BEGIN DATA
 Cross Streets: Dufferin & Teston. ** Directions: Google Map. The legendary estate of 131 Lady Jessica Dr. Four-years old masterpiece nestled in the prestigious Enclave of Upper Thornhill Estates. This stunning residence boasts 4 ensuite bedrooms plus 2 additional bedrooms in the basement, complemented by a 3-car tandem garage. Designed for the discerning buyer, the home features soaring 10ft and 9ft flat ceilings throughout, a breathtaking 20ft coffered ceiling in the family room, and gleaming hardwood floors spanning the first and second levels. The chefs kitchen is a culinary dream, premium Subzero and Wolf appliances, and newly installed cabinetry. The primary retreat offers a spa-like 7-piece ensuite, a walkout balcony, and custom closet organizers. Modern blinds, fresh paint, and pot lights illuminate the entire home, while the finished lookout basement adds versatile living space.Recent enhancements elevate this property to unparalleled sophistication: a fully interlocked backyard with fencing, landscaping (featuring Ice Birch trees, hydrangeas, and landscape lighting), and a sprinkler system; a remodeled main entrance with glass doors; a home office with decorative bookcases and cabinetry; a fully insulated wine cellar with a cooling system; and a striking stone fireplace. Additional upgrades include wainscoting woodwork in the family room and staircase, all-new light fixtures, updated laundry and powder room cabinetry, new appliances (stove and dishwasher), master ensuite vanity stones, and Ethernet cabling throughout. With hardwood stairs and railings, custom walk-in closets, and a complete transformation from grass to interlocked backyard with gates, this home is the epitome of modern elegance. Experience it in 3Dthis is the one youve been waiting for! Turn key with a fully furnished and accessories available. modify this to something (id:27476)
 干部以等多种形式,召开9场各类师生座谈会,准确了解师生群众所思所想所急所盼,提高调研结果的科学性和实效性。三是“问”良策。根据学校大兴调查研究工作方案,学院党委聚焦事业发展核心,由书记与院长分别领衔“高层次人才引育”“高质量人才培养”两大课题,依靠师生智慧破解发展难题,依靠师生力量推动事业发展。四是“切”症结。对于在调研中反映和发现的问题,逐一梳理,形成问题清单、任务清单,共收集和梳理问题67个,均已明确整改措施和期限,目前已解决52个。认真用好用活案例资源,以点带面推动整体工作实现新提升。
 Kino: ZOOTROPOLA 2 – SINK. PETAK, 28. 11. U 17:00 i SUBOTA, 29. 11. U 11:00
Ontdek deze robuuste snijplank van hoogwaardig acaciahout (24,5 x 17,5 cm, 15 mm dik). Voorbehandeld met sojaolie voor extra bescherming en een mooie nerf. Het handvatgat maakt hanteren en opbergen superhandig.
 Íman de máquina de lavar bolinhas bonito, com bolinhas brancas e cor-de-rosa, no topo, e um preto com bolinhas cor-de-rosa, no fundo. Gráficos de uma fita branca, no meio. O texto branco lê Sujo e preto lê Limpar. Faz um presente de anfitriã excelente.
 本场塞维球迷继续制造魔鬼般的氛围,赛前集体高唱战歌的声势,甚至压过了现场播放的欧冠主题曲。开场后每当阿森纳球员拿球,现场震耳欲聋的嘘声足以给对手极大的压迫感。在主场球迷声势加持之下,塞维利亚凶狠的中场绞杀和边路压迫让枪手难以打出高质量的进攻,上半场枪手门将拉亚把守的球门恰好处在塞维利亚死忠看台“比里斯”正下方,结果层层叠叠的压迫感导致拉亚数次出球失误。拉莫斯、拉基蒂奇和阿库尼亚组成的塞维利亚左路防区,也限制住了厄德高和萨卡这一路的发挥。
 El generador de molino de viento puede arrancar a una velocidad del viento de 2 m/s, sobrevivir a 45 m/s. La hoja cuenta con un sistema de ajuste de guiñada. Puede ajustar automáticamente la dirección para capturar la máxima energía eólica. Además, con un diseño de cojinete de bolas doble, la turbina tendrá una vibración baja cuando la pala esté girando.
END DATA
In the entries above, please find the line with "干部以等多种形式,召开9场各" and the line with "Ontdek deze robuuste", then write out exactly those two lines and every line between them, and nothing more.

SOLVED PROBLEM:
 干部以等多种形式,召开9场各类师生座谈会,准确了解师生群众所思所想所急所盼,提高调研结果的科学性和实效性。三是“问”良策。根据学校大兴调查研究工作方案,学院党委聚焦事业发展核心,由书记与院长分别领衔“高层次人才引育”“高质量人才培养”两大课题,依靠师生智慧破解发展难题,依靠师生力量推动事业发展。四是“切”症结。对于在调研中反映和发现的问题,逐一梳理,形成问题清单、任务清单,共收集和梳理问题67个,均已明确整改措施和期限,目前已解决52个。认真用好用活案例资源,以点带面推动整体工作实现新提升。
 Kino: ZOOTROPOLA 2 – SINK. PETAK, 28. 11. U 17:00 i SUBOTA, 29. 11. U 11:00
Ontdek deze robuuste snijplank van hoogwaardig acaciahout (24,5 x 17,5 cm, 15 mm dik). Voorbehandeld met sojaolie voor extra bescherming en een mooie nerf. Het handvatgat maakt hanteren en opbergen superhandig.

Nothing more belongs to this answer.